*Your task*:
Starting at the top of the listing, extract every line up to and including the one with "V roce 2025". Pictures stay out of the copy.

*Stored data*:
Start of Block
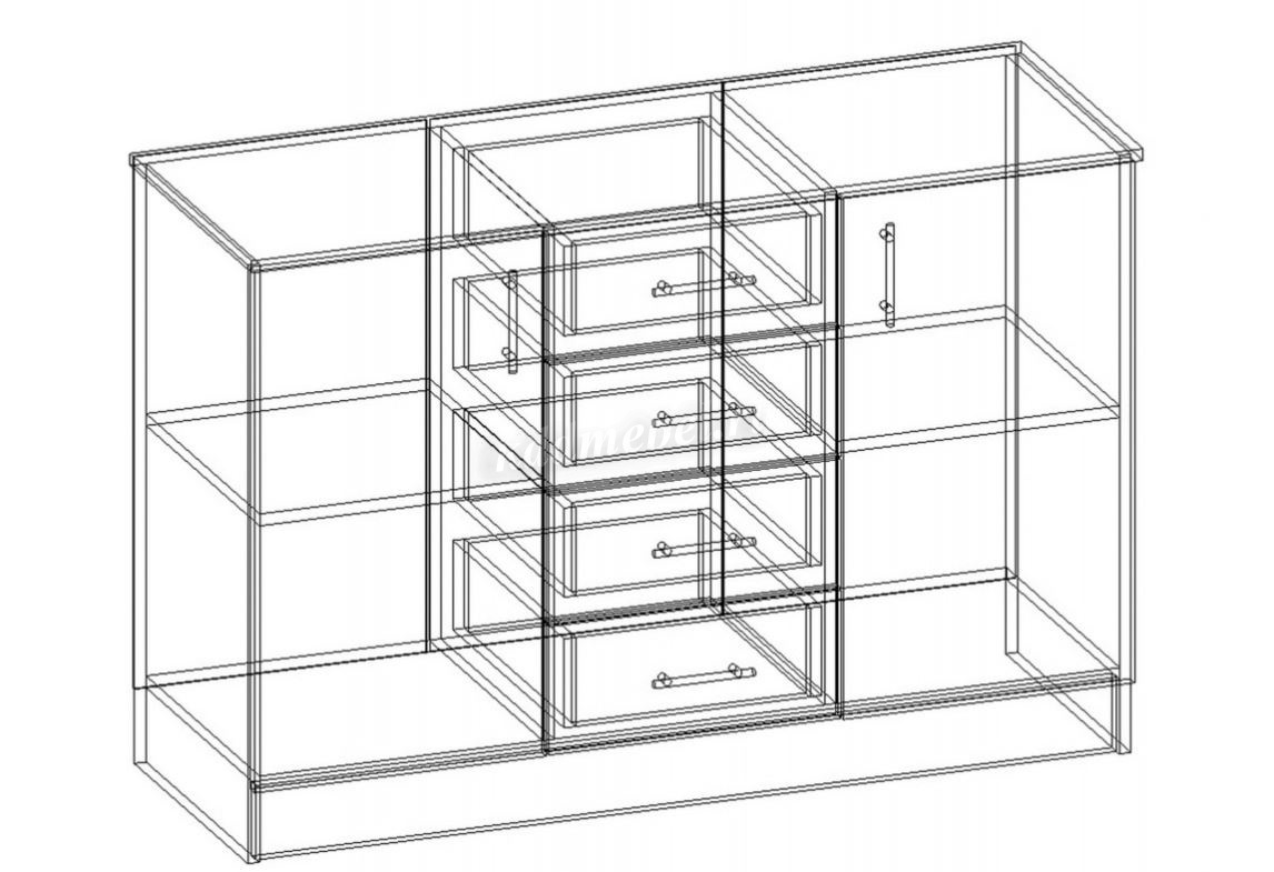 Комод имеет два больших отделения за распашными дверцами, разделенные внутри на 2 просторные полки. Посередине модели расположены четыре выдвижных ящика для разных мелочей. Дверцы открываются в сторону. Ящики выдвигаются на себя.
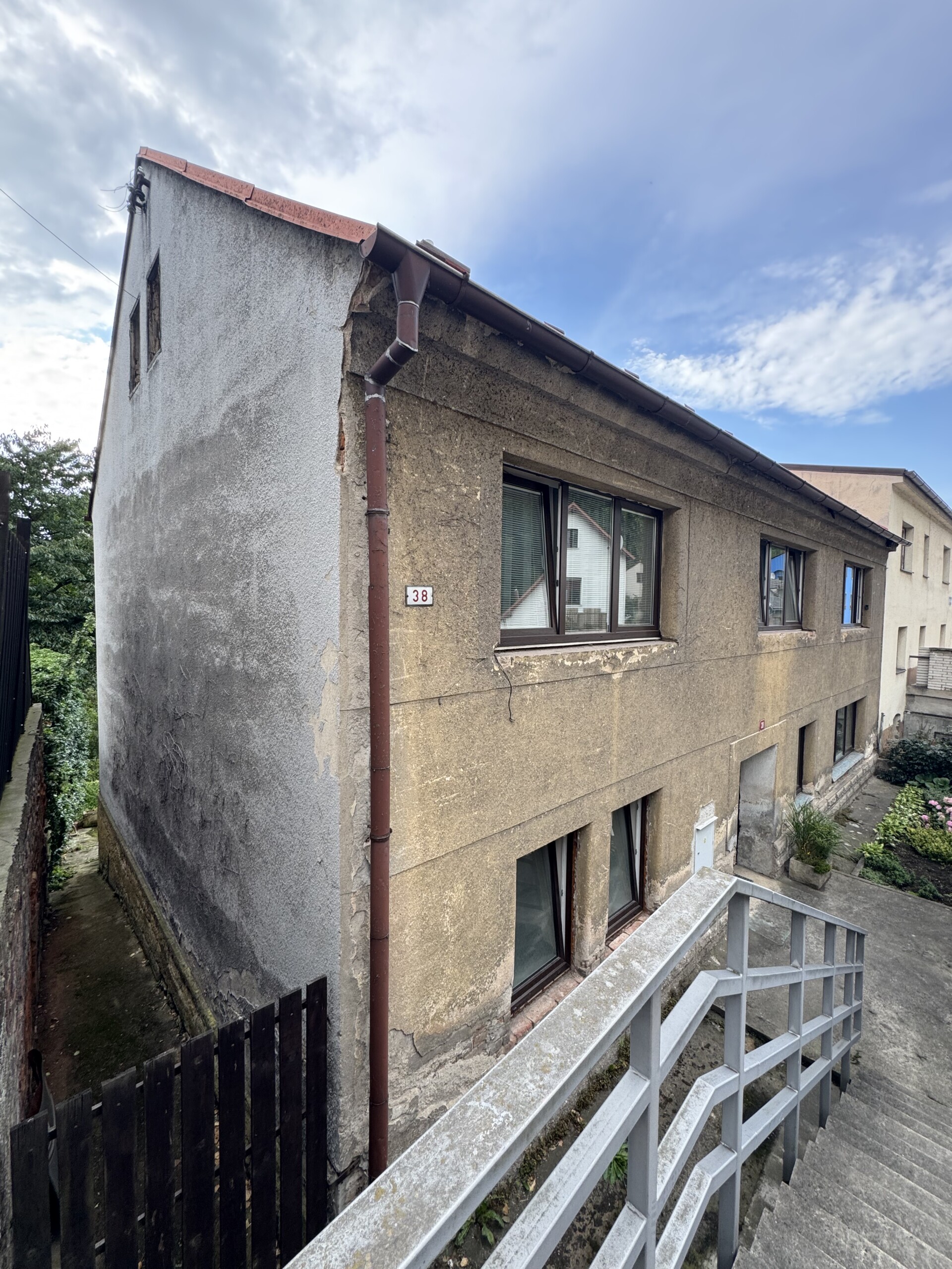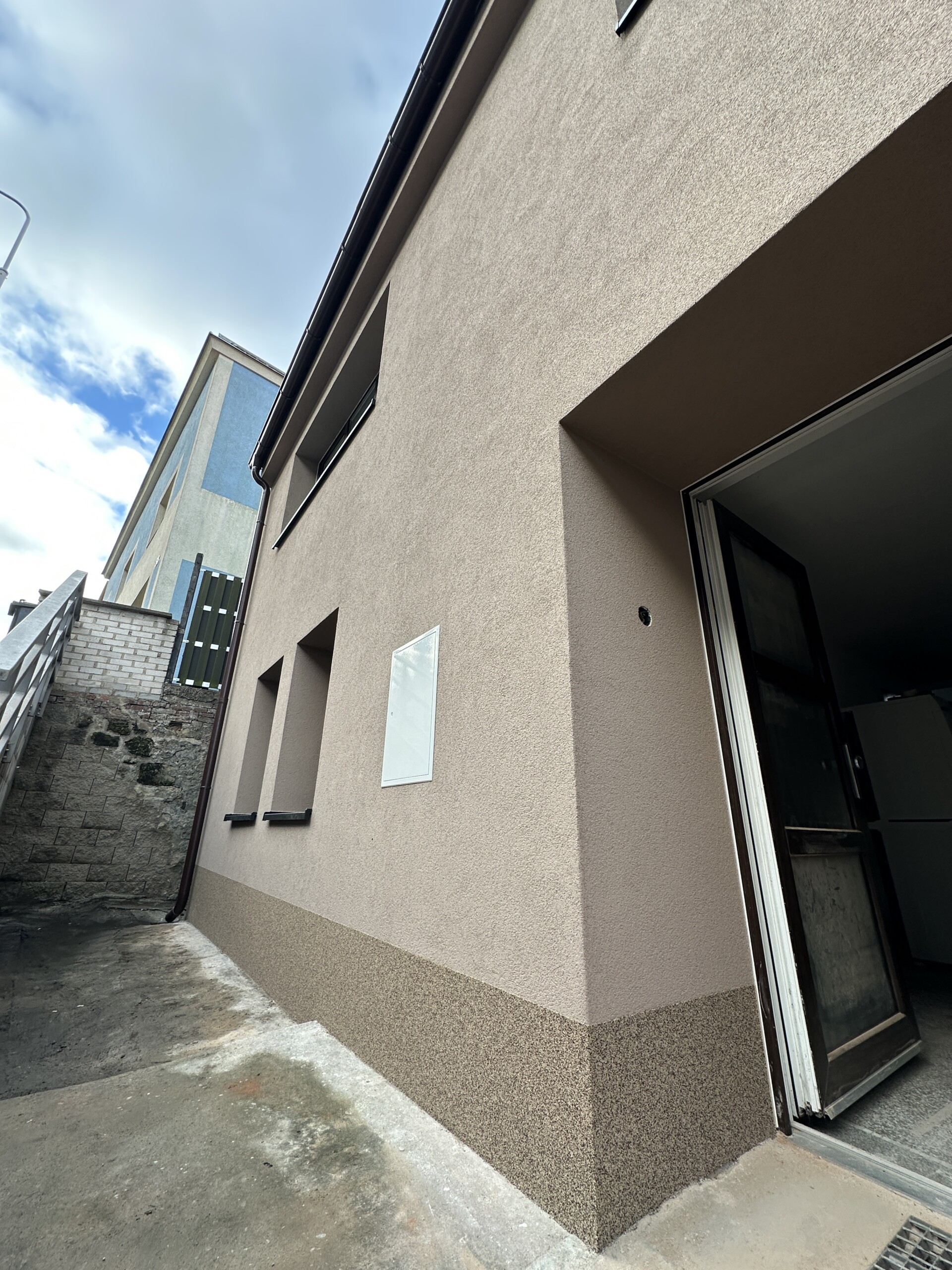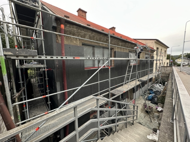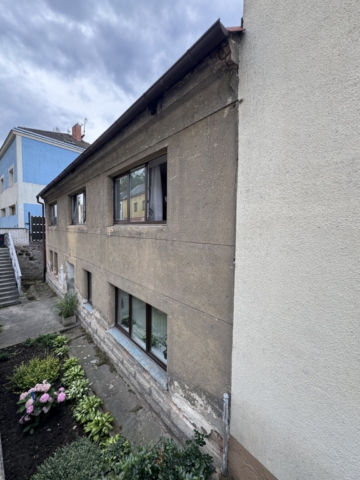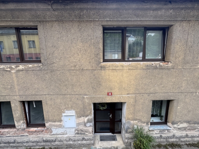 V roce 2025 jsme realizovali zateplení fasády rodinného domu v Mladé Boleslavi – Debři, konkrétně na adrese Josefodolská 38. Objekt se nachází pod úrovní okolního terénu, přičemž komunikace vedoucí kolem domu je výše než samotná stavba. Tento faktor dlouhodobě způsoboval zvýšené zatížení vlhkostí a zhoršené tepelně-izolační vlastnosti obvodového zdiva.
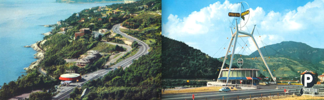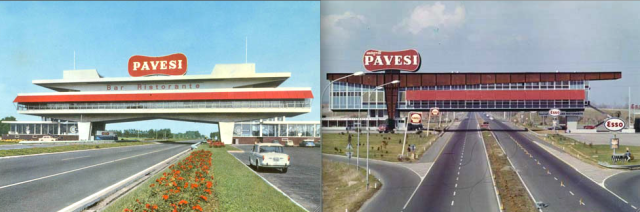 Ma li ricordo fin da bambino, questi autogrill nuovi di pacca, il “futuribile dolce” del boom, così diverso dal futuribile aspro e gelido (e umoristico … ma il loro umorismo è tale, in genere) degli inglesi.
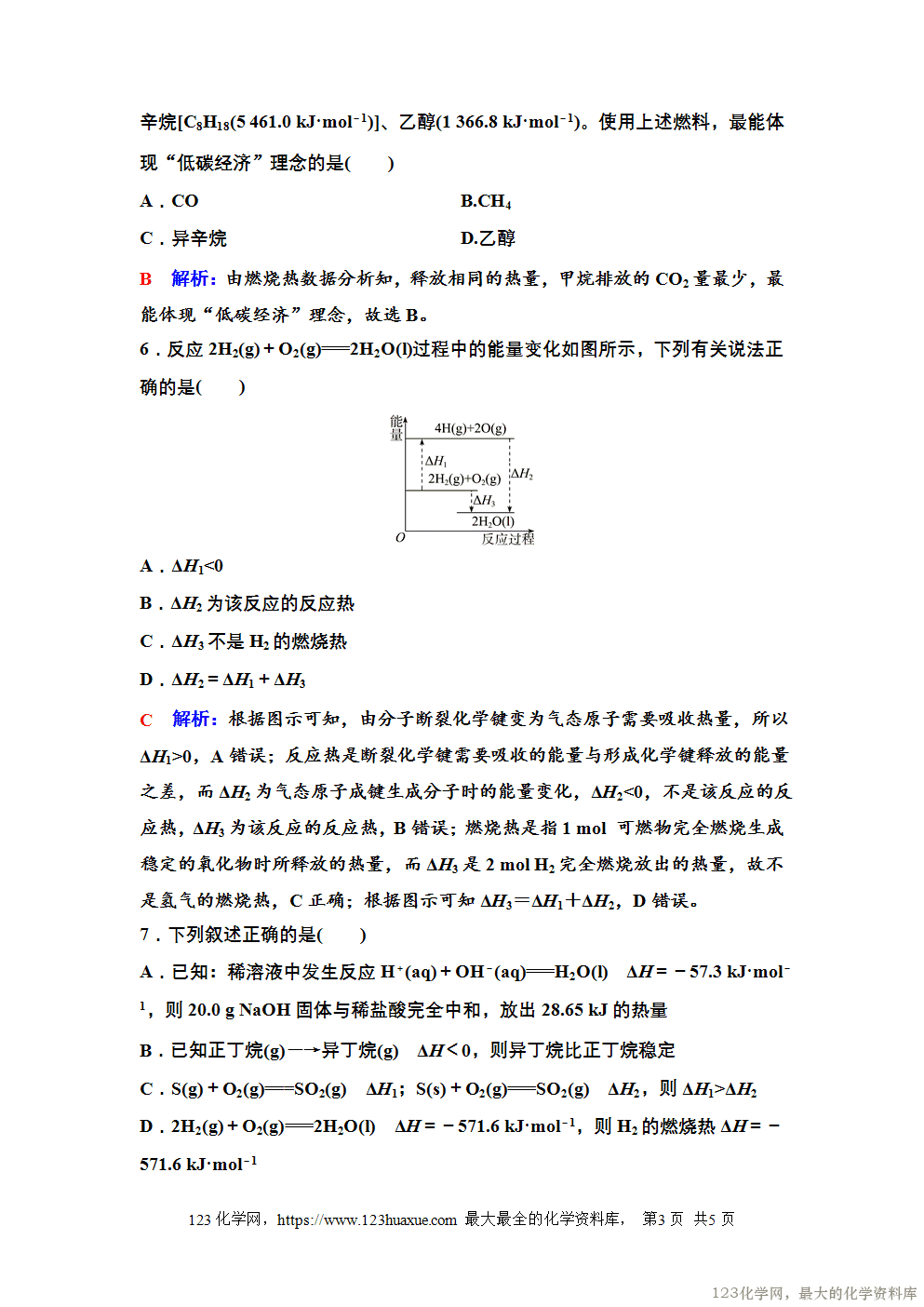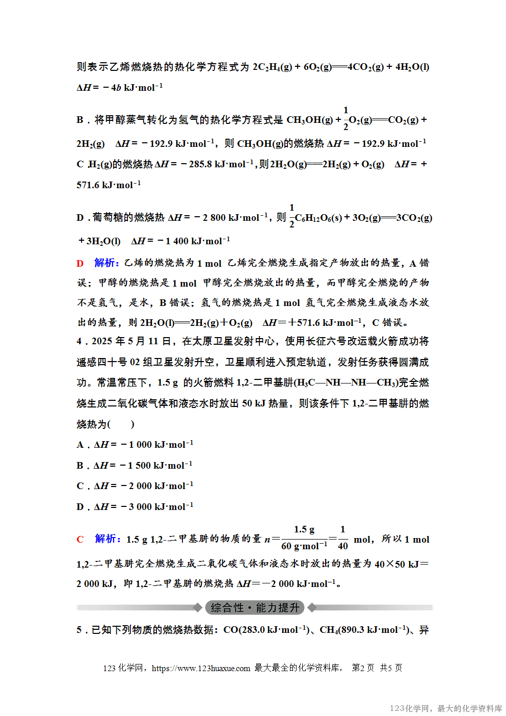D 解析:乙烯的燃烧热为1 mol 乙烯完全燃烧生成指定产物放出的热量,A错误;甲醇的燃烧热是1 mol 甲醇完全燃烧放出的热量,而甲醇完全燃烧的产物不是氢气,是水,B错误;氢气的燃烧热是1 mol 氢气完全燃烧生成液态水放出的热量,则2H2O(l)===2H2(g)+O2(g) ΔH=+571.6 kJ·mol-1,C错误。
End of Block
*Solution for this exercise*:
 Комод имеет два больших отделения за распашными дверцами, разделенные внутри на 2 просторные полки. Посередине модели расположены четыре выдвижных ящика для разных мелочей. Дверцы открываются в сторону. Ящики выдвигаются на себя.
 V roce 2025 jsme realizovali zateplení fasády rodinného domu v Mladé Boleslavi – Debři, konkrétně na adrese Josefodolská 38. Objekt se nachází pod úrovní okolního terénu, přičemž komunikace vedoucí kolem domu je výše než samotná stavba. Tento faktor dlouhodobě způsoboval zvýšené zatížení vlhkostí a zhoršené tepelně-izolační vlastnosti obvodového zdiva.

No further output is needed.